THE DATA |
'''
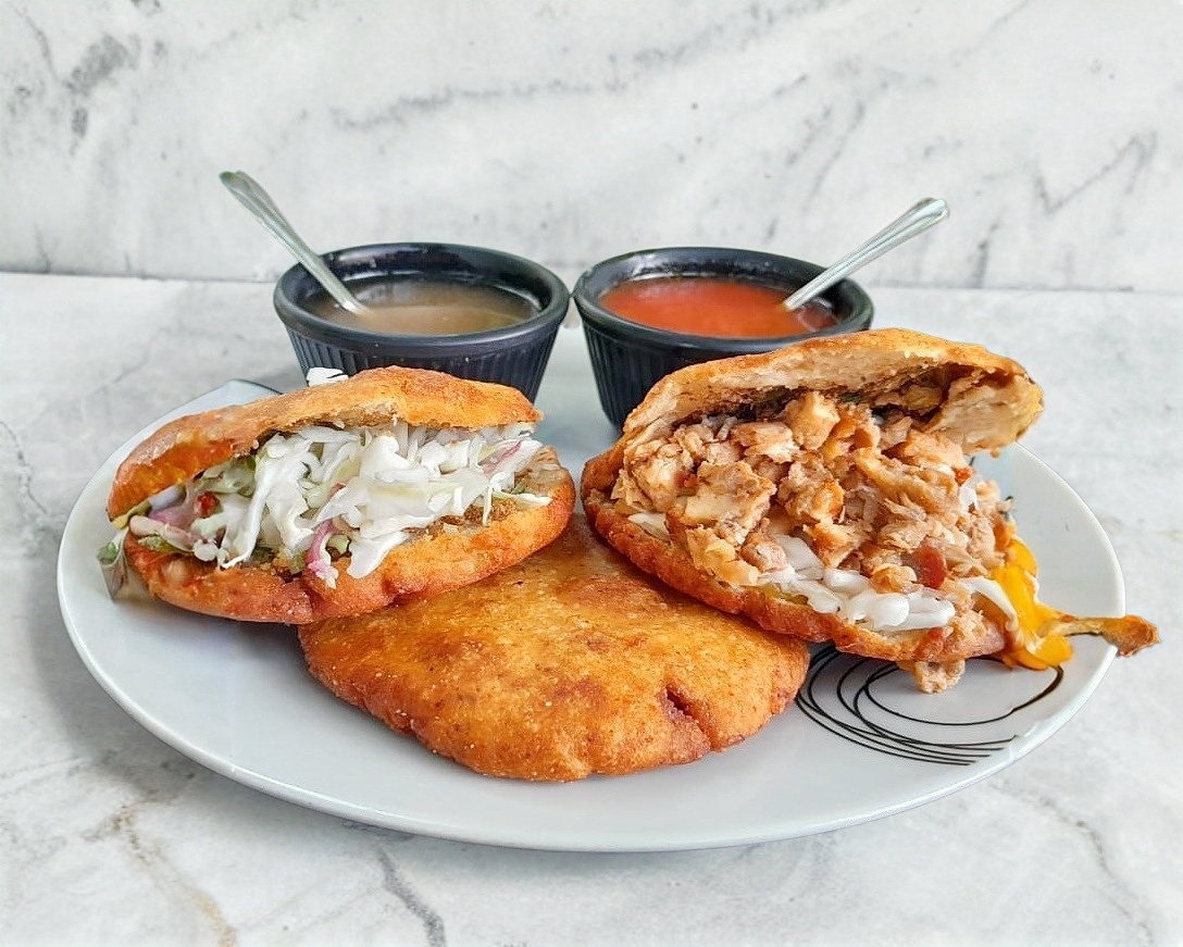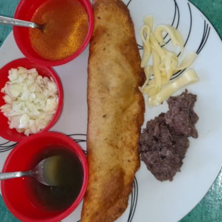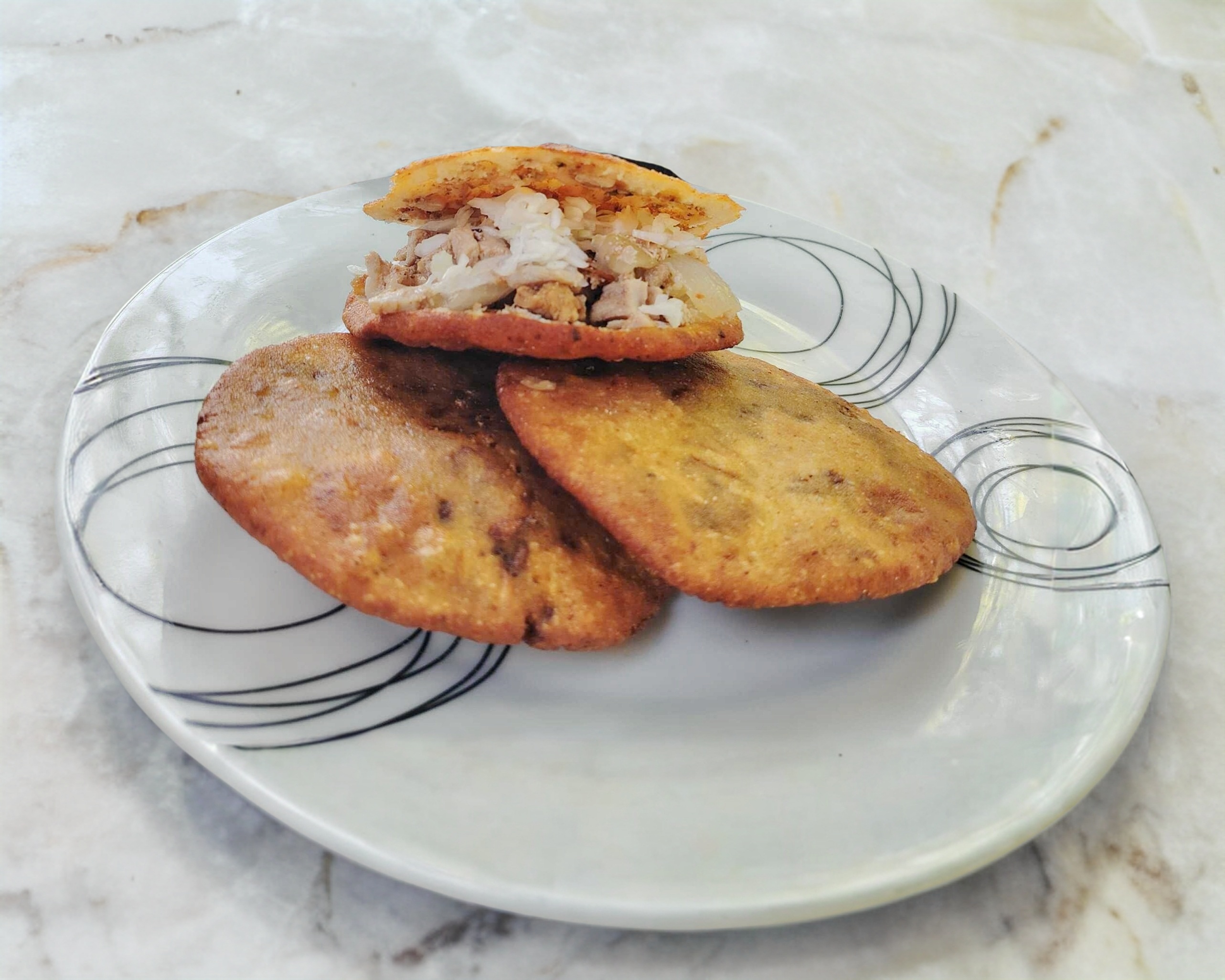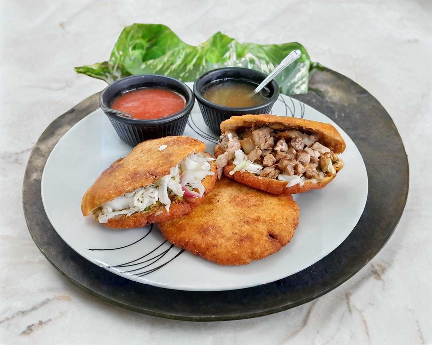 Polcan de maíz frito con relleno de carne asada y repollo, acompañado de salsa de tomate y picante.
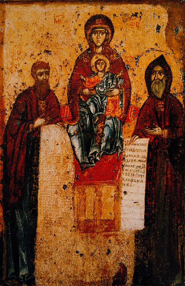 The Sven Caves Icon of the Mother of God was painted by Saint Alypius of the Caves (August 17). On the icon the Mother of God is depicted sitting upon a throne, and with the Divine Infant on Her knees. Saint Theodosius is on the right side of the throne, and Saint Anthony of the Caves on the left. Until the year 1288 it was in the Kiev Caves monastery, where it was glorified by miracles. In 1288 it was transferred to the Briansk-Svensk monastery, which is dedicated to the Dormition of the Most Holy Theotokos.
'''
'''
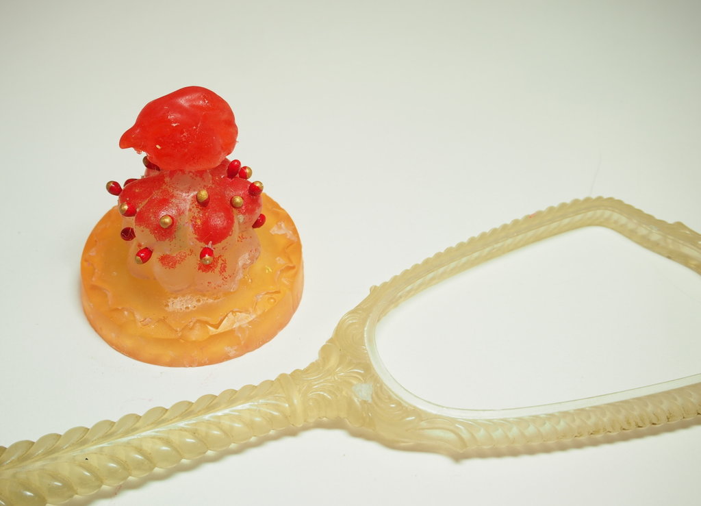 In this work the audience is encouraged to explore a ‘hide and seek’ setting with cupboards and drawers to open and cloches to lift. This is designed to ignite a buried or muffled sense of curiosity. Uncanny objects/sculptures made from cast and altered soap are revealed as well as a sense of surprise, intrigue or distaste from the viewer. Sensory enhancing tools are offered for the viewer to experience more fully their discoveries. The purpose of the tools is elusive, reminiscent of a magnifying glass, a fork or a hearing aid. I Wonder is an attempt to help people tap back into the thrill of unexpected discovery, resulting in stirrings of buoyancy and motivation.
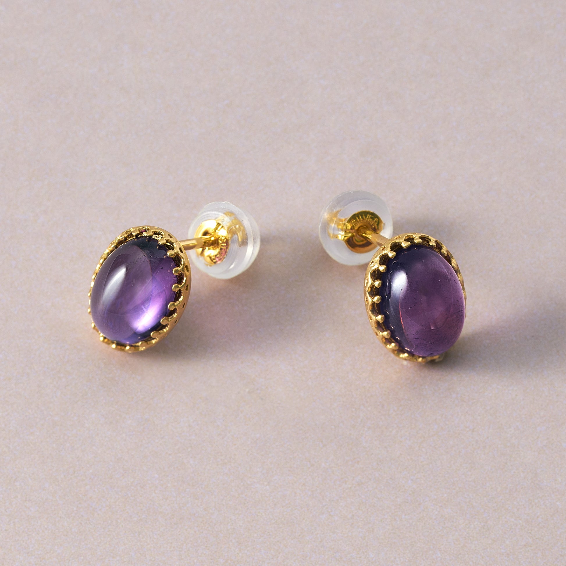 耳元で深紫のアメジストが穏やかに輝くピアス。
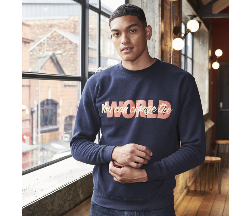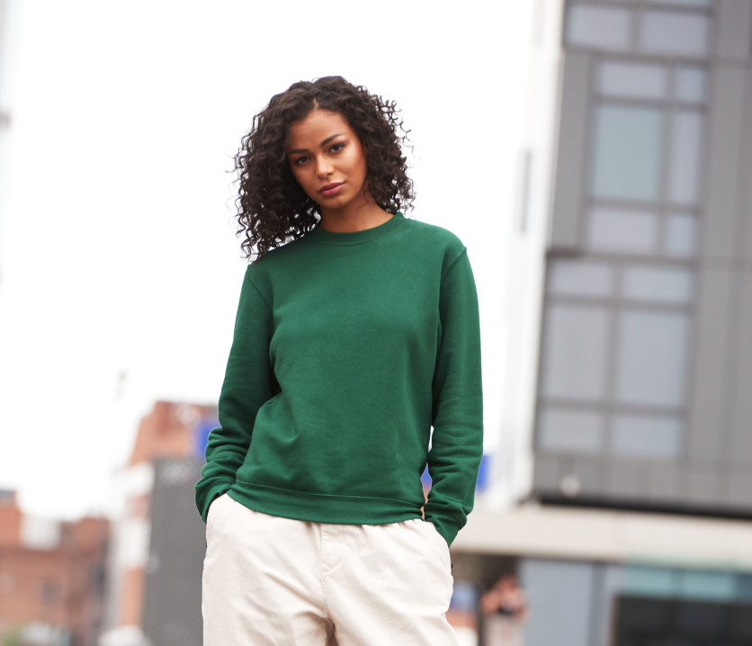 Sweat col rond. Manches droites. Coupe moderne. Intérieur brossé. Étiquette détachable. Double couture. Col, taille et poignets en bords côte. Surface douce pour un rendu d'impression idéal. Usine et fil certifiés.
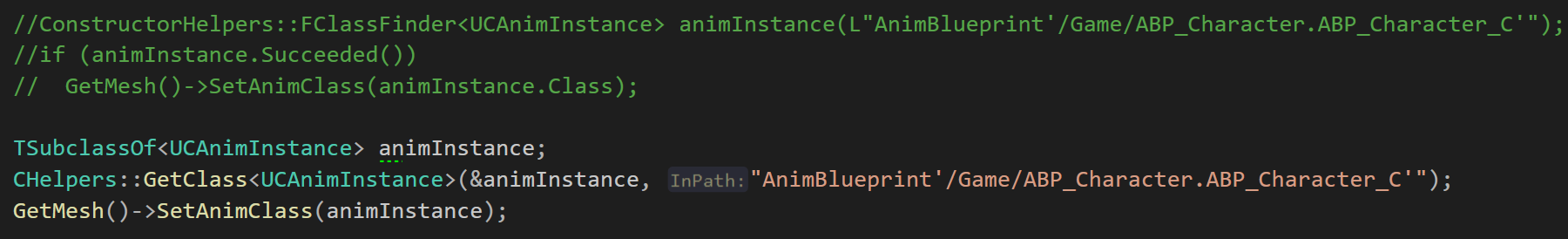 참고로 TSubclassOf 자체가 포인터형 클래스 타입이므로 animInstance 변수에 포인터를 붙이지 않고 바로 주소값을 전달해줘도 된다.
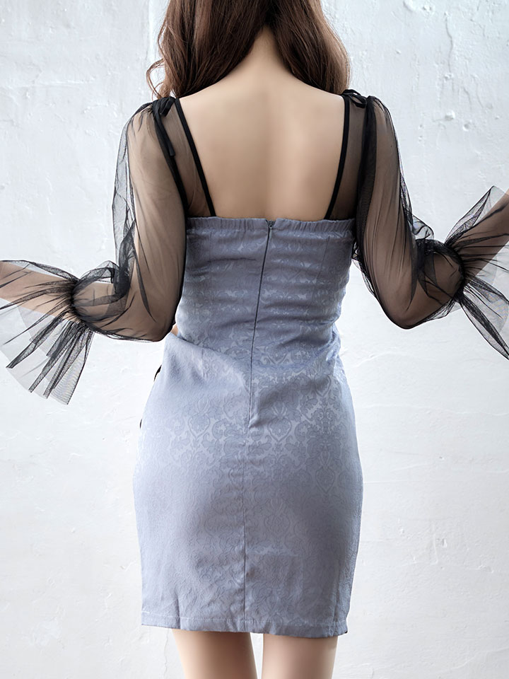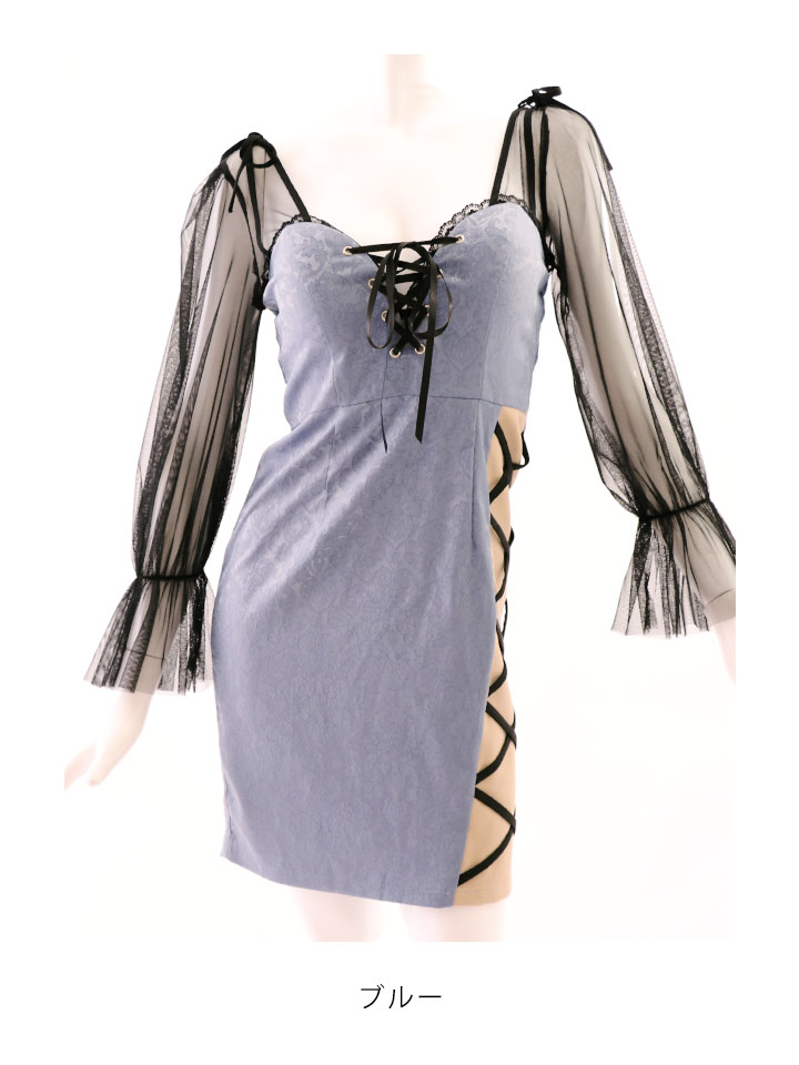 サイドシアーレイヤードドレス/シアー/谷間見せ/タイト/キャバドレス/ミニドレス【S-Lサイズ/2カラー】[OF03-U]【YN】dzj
'''
'''
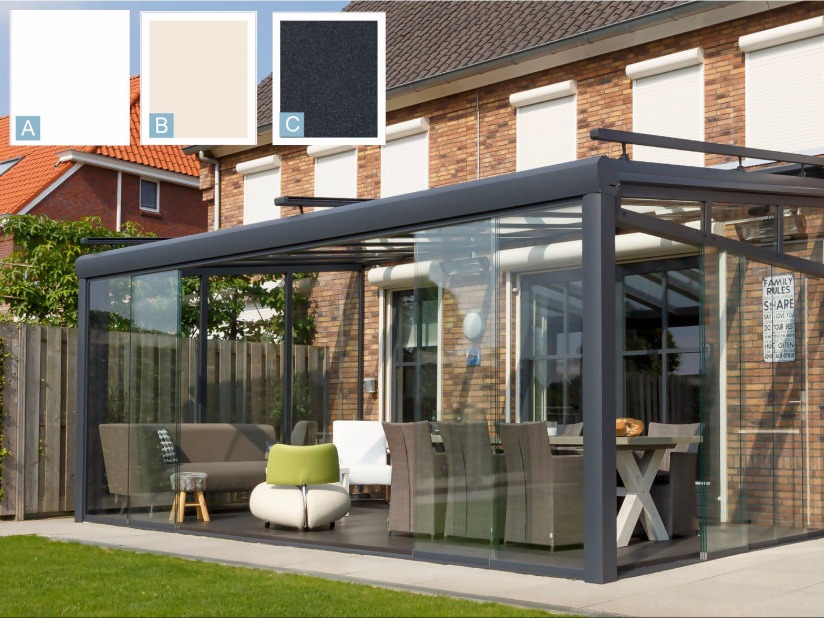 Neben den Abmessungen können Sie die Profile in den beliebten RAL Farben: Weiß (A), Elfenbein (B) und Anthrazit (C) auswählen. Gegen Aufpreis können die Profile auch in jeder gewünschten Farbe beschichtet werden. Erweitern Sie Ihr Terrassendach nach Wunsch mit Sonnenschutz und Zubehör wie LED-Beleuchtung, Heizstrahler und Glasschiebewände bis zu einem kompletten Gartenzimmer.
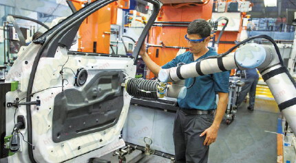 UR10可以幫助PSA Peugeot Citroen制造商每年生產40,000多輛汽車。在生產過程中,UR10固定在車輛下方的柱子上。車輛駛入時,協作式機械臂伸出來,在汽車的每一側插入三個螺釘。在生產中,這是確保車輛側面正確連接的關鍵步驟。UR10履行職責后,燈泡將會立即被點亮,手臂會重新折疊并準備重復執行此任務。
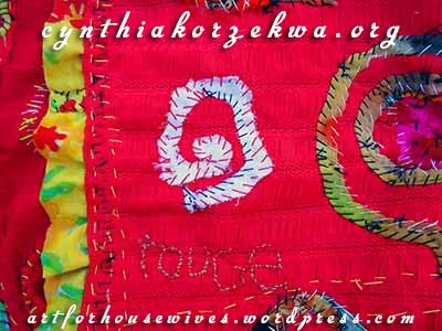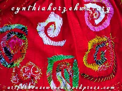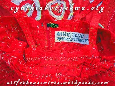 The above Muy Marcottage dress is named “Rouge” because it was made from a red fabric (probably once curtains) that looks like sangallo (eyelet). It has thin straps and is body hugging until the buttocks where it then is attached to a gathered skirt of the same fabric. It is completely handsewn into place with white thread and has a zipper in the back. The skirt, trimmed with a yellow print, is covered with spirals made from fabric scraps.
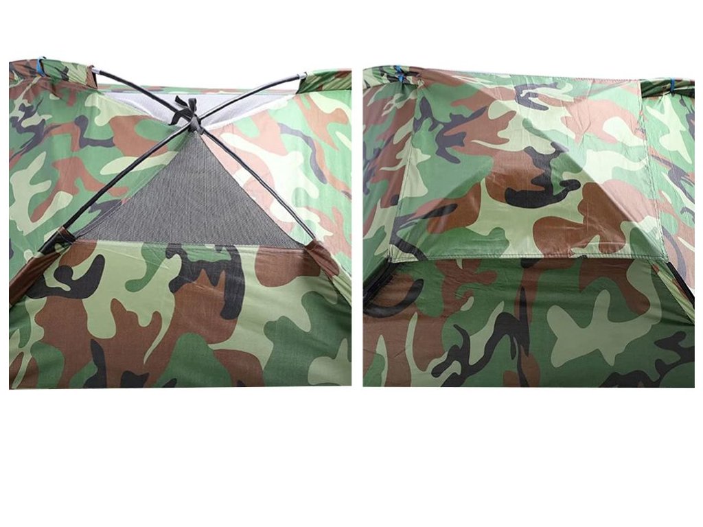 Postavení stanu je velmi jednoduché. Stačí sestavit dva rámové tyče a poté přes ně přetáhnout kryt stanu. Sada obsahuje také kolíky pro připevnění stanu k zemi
'''
TASK BRIEF | Working from the data above, repeat exactly, and only, the lines that begin at the line containing "Polcan de maíz" and stop after the line containing "The Sven Caves"; pictures are not copied.

TASK SOLUTION |
 Polcan de maíz frito con relleno de carne asada y repollo, acompañado de salsa de tomate y picante.
 The Sven Caves Icon of the Mother of God was painted by Saint Alypius of the Caves (August 17). On the icon the Mother of God is depicted sitting upon a throne, and with the Divine Infant on Her knees. Saint Theodosius is on the right side of the throne, and Saint Anthony of the Caves on the left. Until the year 1288 it was in the Kiev Caves monastery, where it was glorified by miracles. In 1288 it was transferred to the Briansk-Svensk monastery, which is dedicated to the Dormition of the Most Holy Theotokos.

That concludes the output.